▶ **EXERCISE OBJECTIVE**
Please retype every entry as written, and keep the pictures out.

━━━━━ STUDY MATERIAL

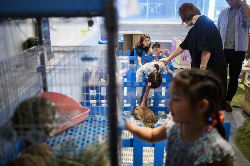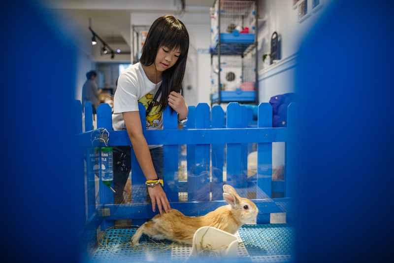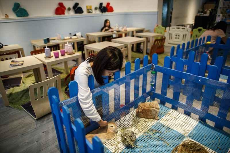 Terwijl klanten van hun thee of koffie slurpen, kunnen ze zich vergapen aan twaalf pluizige viervoeters. In tegenstelling tot bij de bars met katten, gelden in 'Rabbitland' heel wat strenge regels. Zo mogen mensen de konijnen niet knuffelen of prutsen aan hun oren, kijken en aaien is wel toegestaan. Wie een coup de foudre heeft, mag het diertje adopteren en meenemen naar huis.
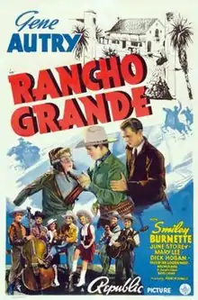Rancho Grande is a 1940 American Western film directed by Frank McDonald and starring Gene Autry, Smiley Burnette, and June Storey. Written by Bradford Ropes, Betty Burbridge, and Peter Milne, based on a story by Peter Milne and Connie Lee, the film is about a singing cowboy and ranch foreman responsible for completing an important irrigation project and for the three spoiled grandchildren of his former boss who come out West to the ranch they inherited.[3]
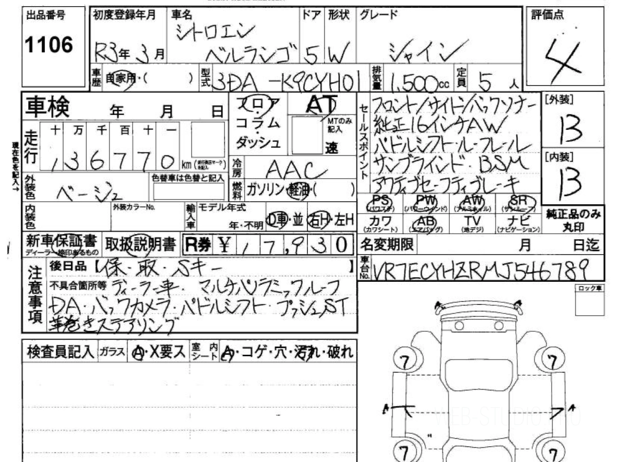 Цена на CITROEN BERLINGO K9CYH01 2021 с аукционов Японии зависит от состояния авто и комплектации, указана с расчётом пошлины, всех расходов с учетом доставки во Владивосток.
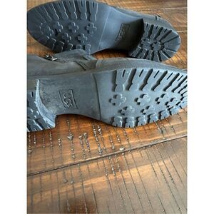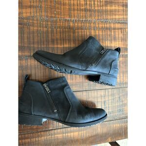 UGG Aureo 2 black nubuck leather waterproof lined ankle boots, side zipper back pull tabs sz 11 excellent condition
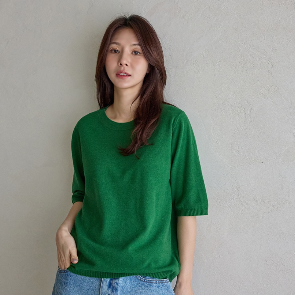 正韓 簡約五分袖圓領純色 素面針織上衣【A73358】 | Foreverkids 韓國時尚精品、韓國代購、正韓空運、洋裝、吊帶褲、外套、針織外套、寬褲
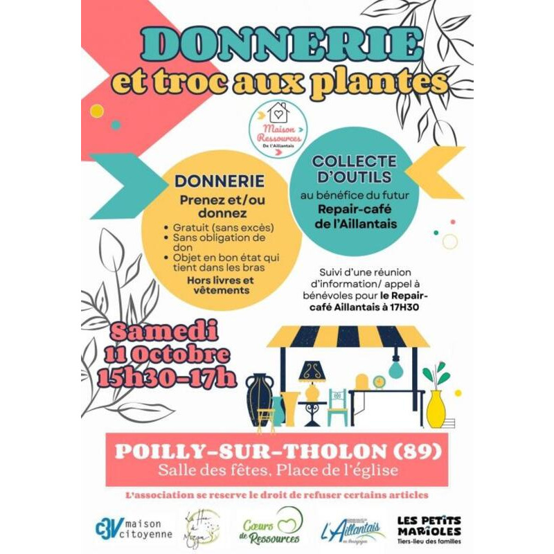 Appel à bénévoles pour un répare café et collecte d'outils.
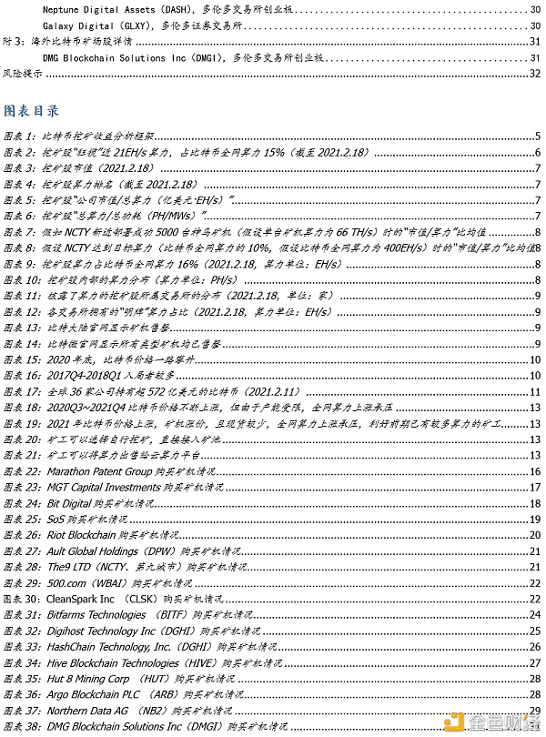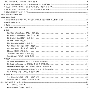 投资建议。建议关注:1)挖矿股:MARA、第九城市、RIOT、BTBT。2)矿机股:嘉楠科技、亿邦国际、英伟达等。3)矿场股:DMGI;4)矿池股(500.com);5)买币股:Microstrategy、特斯拉、GBTC等;6)交易所:火币科技、欧科云链;7)其他:中嘉博创、雄岸科技等。
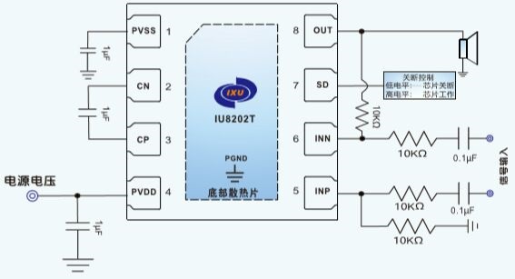 IU8202T采用單端模式輸出,其直驅(qū)模式結(jié)構(gòu)單電源供電時(shí)能夠產(chǎn)生以地為參考的輸出,從而省 去了大尺寸的隔直電容,既節(jié)省了成本和電路板空間, 也降低了元件的高度。
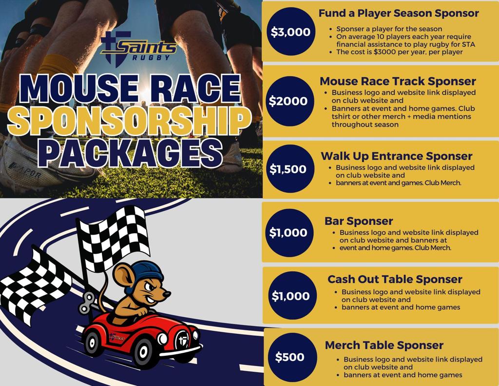 We greatly appreciate the support of our Team Sponsors and Mouse Race Sponsors who make our season possible. We encourage our Saints Rugby family to support these great local businesses!

━━━━━━━━━━

▶ **WRITTEN ANSWER**
 Terwijl klanten van hun thee of koffie slurpen, kunnen ze zich vergapen aan twaalf pluizige viervoeters. In tegenstelling tot bij de bars met katten, gelden in 'Rabbitland' heel wat strenge regels. Zo mogen mensen de konijnen niet knuffelen of prutsen aan hun oren, kijken en aaien is wel toegestaan. Wie een coup de foudre heeft, mag het diertje adopteren en meenemen naar huis.
Rancho Grande is a 1940 American Western film directed by Frank McDonald and starring Gene Autry, Smiley Burnette, and June Storey. Written by Bradford Ropes, Betty Burbridge, and Peter Milne, based on a story by Peter Milne and Connie Lee, the film is about a singing cowboy and ranch foreman responsible for completing an important irrigation project and for the three spoiled grandchildren of his former boss who come out West to the ranch they inherited.[3]
 Цена на CITROEN BERLINGO K9CYH01 2021 с аукционов Японии зависит от состояния авто и комплектации, указана с расчётом пошлины, всех расходов с учетом доставки во Владивосток.
 UGG Aureo 2 black nubuck leather waterproof lined ankle boots, side zipper back pull tabs sz 11 excellent condition
 正韓 簡約五分袖圓領純色 素面針織上衣【A73358】 | Foreverkids 韓國時尚精品、韓國代購、正韓空運、洋裝、吊帶褲、外套、針織外套、寬褲
 Appel à bénévoles pour un répare café et collecte d'outils.
 投资建议。建议关注:1)挖矿股:MARA、第九城市、RIOT、BTBT。2)矿机股:嘉楠科技、亿邦国际、英伟达等。3)矿场股:DMGI;4)矿池股(500.com);5)买币股:Microstrategy、特斯拉、GBTC等;6)交易所:火币科技、欧科云链;7)其他:中嘉博创、雄岸科技等。
 IU8202T采用單端模式輸出,其直驅(qū)模式結(jié)構(gòu)單電源供電時(shí)能夠產(chǎn)生以地為參考的輸出,從而省 去了大尺寸的隔直電容,既節(jié)省了成本和電路板空間, 也降低了元件的高度。
 We greatly appreciate the support of our Team Sponsors and Mouse Race Sponsors who make our season possible. We encourage our Saints Rugby family to support these great local businesses!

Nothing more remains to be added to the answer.